Department of Neonatology, Institute of Post Graduate Medical Education & Research, Kolkata, West Bengal, India.
Birth Defects Res. 2018 Aug 15;110(14):1129-1138. doi: 10.1002/bdr2.1365. Epub 2018 Aug 18.
Worldwide, Neural tube defects (NTDs) are considered as major clinical problems imposing a huge socio-economic burden for both affected individuals and their families. In India, the prevalence of Neural tube defects is significantly high. This study aims to evaluate the association between genetic defects in folate metabolism pathway genes, mainly: Folate hydrolase 1 (FOLH1), Dihydrofolate reductase (DHFR) and Methylenetetrahydrofolate reductase (MTHFR) and neural tube defects from eastern India.
We enrolled 62 consecutive mothers with NTDs foetuses as cases and their corresponding age matched 73 mothers with healthy babies as controls (genetic power has been calculated). Four single nucleotide polymorphisms (FOLH1: rs202676, DHFR: rs70991108, MTHFR: rs1801133 and rs1801131) have been amplified by polymerase chain reaction (PCR) and sequenced. Statistical analysis has been undertaken to find out association with NTDs.
Genotype and allele frequency analysis of these SNPs revealed that, rs1801133 (p.Ala222Val) was significantly associated with NTDs risk (p value = 0.028; odds ratio-2.31; 95% CI 1.08-4.93), whereas rs202676 (p.Tyr60His) showed protective role (p value = 0.0066; odds ratio-0.11; 95% CI 0.01-0.86). Serum homocysteine (Hcy) concentration was respectively higher in subjects carrying 222Ala/Val and 222Val/Val alleles (p value = 0.009; p value ≤ 0.0001).

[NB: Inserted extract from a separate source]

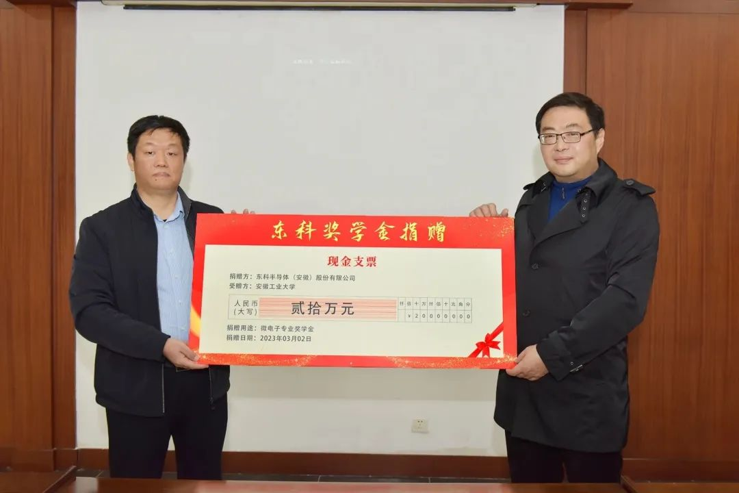 2023年3月8日下午,東科半導體(安徽)股份有限公司和安徽工業(yè)大學共建聯(lián)合實驗室揭牌儀式暨東科專業(yè)獎學金捐贈儀式在安工大佳山校區(qū)隆重舉行。

In conclusion, it can be stated that, rs1801133 was associated with neural tube defects risk in patients from the eastern part of India and it might be counted as a molecular marker for evaluating the susceptibility of NTDs.
神经管缺陷(NTDs)在全球范围内被视为重大临床问题,给患者及其家庭带来了巨大的社会经济负担。在印度,神经管缺陷的患病率很高。本研究旨在评估叶酸代谢途径基因(主要是叶酸水解酶 1 [FOLH1]、二氢叶酸还原酶 [DHFR] 和亚甲基四氢叶酸还原酶 [MTHFR])中的遗传缺陷与印度东部神经管缺陷之间的关联。

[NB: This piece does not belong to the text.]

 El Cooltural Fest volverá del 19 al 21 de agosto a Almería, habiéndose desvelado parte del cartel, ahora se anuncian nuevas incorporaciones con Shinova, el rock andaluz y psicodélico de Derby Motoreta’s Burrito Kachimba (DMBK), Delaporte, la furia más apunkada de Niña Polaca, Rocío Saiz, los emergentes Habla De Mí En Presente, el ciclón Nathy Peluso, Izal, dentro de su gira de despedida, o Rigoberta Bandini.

我们招募了 62 名连续患有 NTDs 胎儿的母亲作为病例,以及 73 名年龄匹配的母亲作为对照(已计算遗传力)。通过聚合酶链反应(PCR)扩增并测序了四个单核苷酸多态性(FOLH1:rs202676、DHFR:rs70991108、MTHFR:rs1801133 和 rs1801131)。进行了统计分析以找出与 NTDs 的关联。
这些 SNP 的基因型和等位基因频率分析表明,rs1801133(p.Ala222Val)与 NTDs 风险显著相关(p 值=0.028;优势比-2.31;95%置信区间 1.08-4.93),而 rs202676(p.Tyr60His)显示出保护作用(p 值=0.0066;优势比-0.11;95%置信区间 0.01-0.86)。携带 222Ala/Val 和 222Val/Val 等位基因的受试者的血清同型半胱氨酸(Hcy)浓度分别较高(p 值=0.009;p 值≤0.0001)。
总之,可以说 rs1801133 与印度东部地区患者的神经管缺陷风险相关,它可以作为评估 NTDs 易感性的分子标志物。